Все детство и юность я провела дома, а когда внезапно осиротела, выяснилось, что из родных у меня осталась только эта старая карга. Старуха каждый день твердит мне, что только и делает, что думает о моем будущем. А еще она раз в неделю устраивает смотрины, надеясь сосватать меня за «подходящего человека». Она приглашает домой каких-то старых лысых министерских дяденек в качестве женихов. Вельможно беседует с ними за столом, уставленным бутафорскими блюдами: восковыми фруктами, поросятами из папье-маше и румяными пластиковыми цыплятами табака, заставляя меня прислуживать им. Но дяденьки, завидев меня, скисают как молоко и молчат, багровея лысинами, забив взгляд как гвоздь по самую шляпку в стену. Они понимают, что не смогут меня вожделеть. Я – слишком эфемерна для них. Им подавай баварку с рекламы пива. Женскую сдобу, перину. Они бросают последний укоряющий взгляд на меня, поднимаются с насиженных мест и, недослушав старуху, решительно уходят прочь.
А еще я вижу то, что другие не видят. Мертвых, например. Или призраков. На бульварах, где обычные люди видят лишь семейства с чадами, лакомящимися облаками сахарной ваты, я вижу – еще и гигантских светящихся слизняков. У каждого – своя история. С кем-то из них мне хочется заговорить, с кем-то – нет. Когда я обращаюсь к призраку, он обычно пугается, как если бы все было наоборот.
А вот на летней эстраде в парке, где до революции был Троицкий собор – все видят скейтеров и прокат машинок. А я глохну от колокольного звона и имею удовольствие беседовать с тамошним звонарем. Так вот, он утверждает, что хоть коммунисты и растащили собор по кирпичику, но собор так просто не уничтожишь, собор существует, и он является мне во всем белокаменном величии с толпами нарядных прихожан и почитаемыми священнослужителями в литургических одеяниях.

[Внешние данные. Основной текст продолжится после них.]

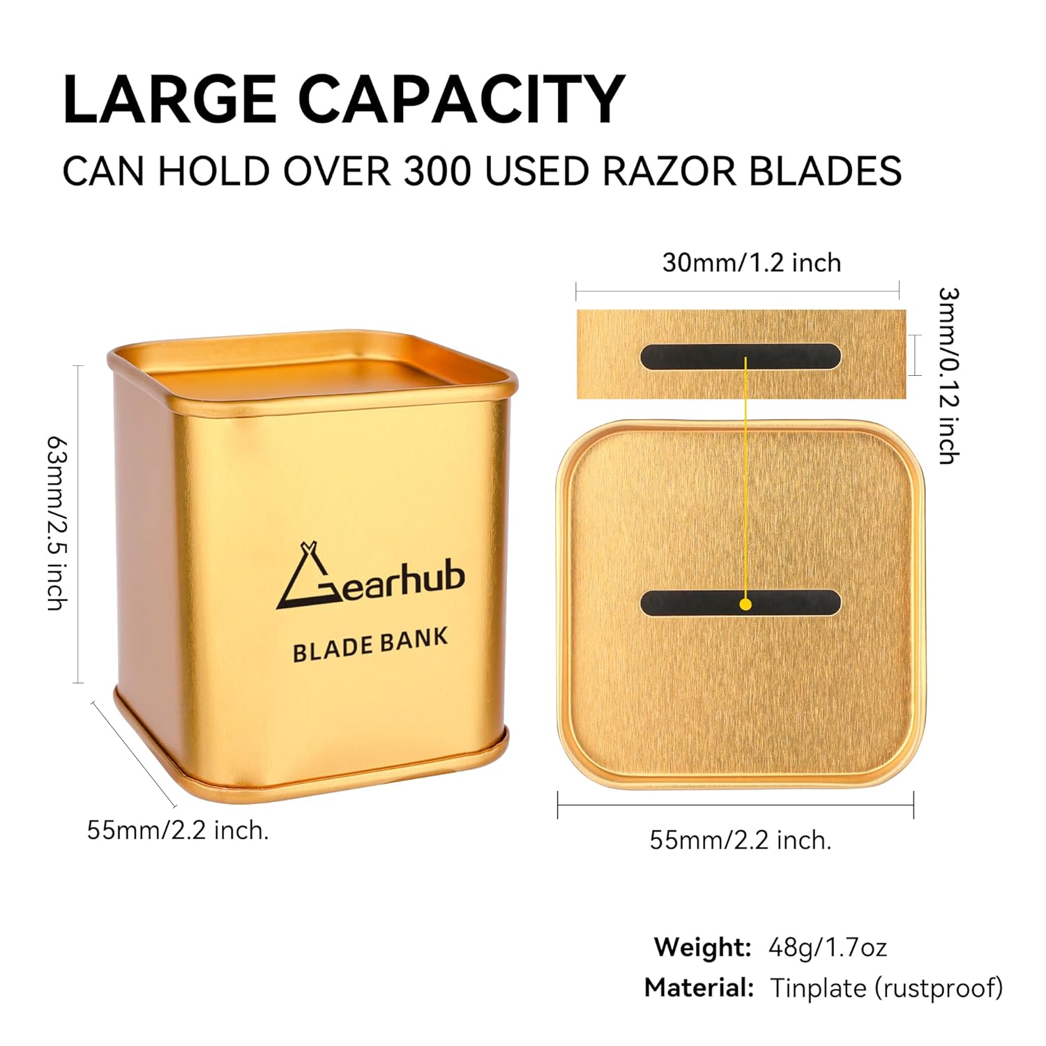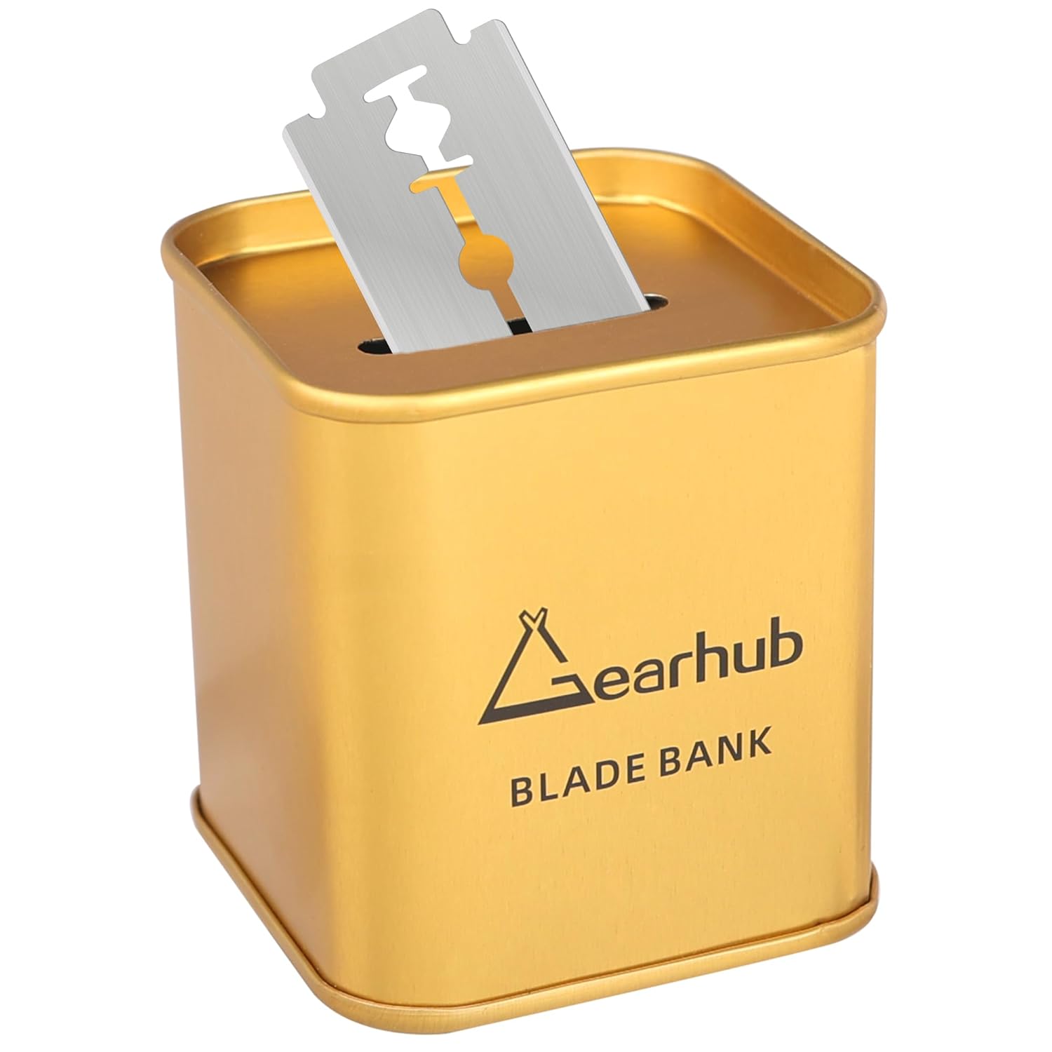 Gearhub Blade Bank Safely Store Used Safety Razor Blades Large Capacity Disposal for Barber Shops & Personal Use Sealed Design Holds 300+ Blades Matte Gold

У нас со старухой по вечерам иной раз собирается по 12 персон. Старуха их не видит конечно. Гости - ведут интеллигентные беседы, философствуют, читают стихи, пока старуха чавкает гречневой кашей с молоком, и громогласно обвиняет соседку сверху, что та крадет у нее крупу. Гости прячут улыбки, дожидаясь, когда старуха переберется в кресло перед телевизором, и заснет, убаюканная диктором с экрана. Иной раз старуха может спать беспробудно по несколько дней подряд.
Старуха напоминает мне иссохшую деревянную колоду, трухлявый изнутри, поваленный ствол дерева. Белесая выцветшая древесина, ткни пальцем – а внутри пустота. У старухи было несколько разных жизней. Она так менялась на протяжении лет, что ты бы ее раньше ни за что не признала. Сейчас она уже все позабыла. И никак не может умереть.
Время от времени к ней приходит ее давний умерший любовничек, тощий маленький лысый человечек с лицом марионетки, с совершенно бессмысленными глазами, нарисованными голубой эмалью. Он садится на краешек стула и зовет ее с собой. В такие моменты старуха, словно что почуяв, лезет в сервант, достает старую, потрескавшуюся фотку с Йозей, долго-долго глядит на нее, пока ее лицо не скучнеет и не наливается раздражением.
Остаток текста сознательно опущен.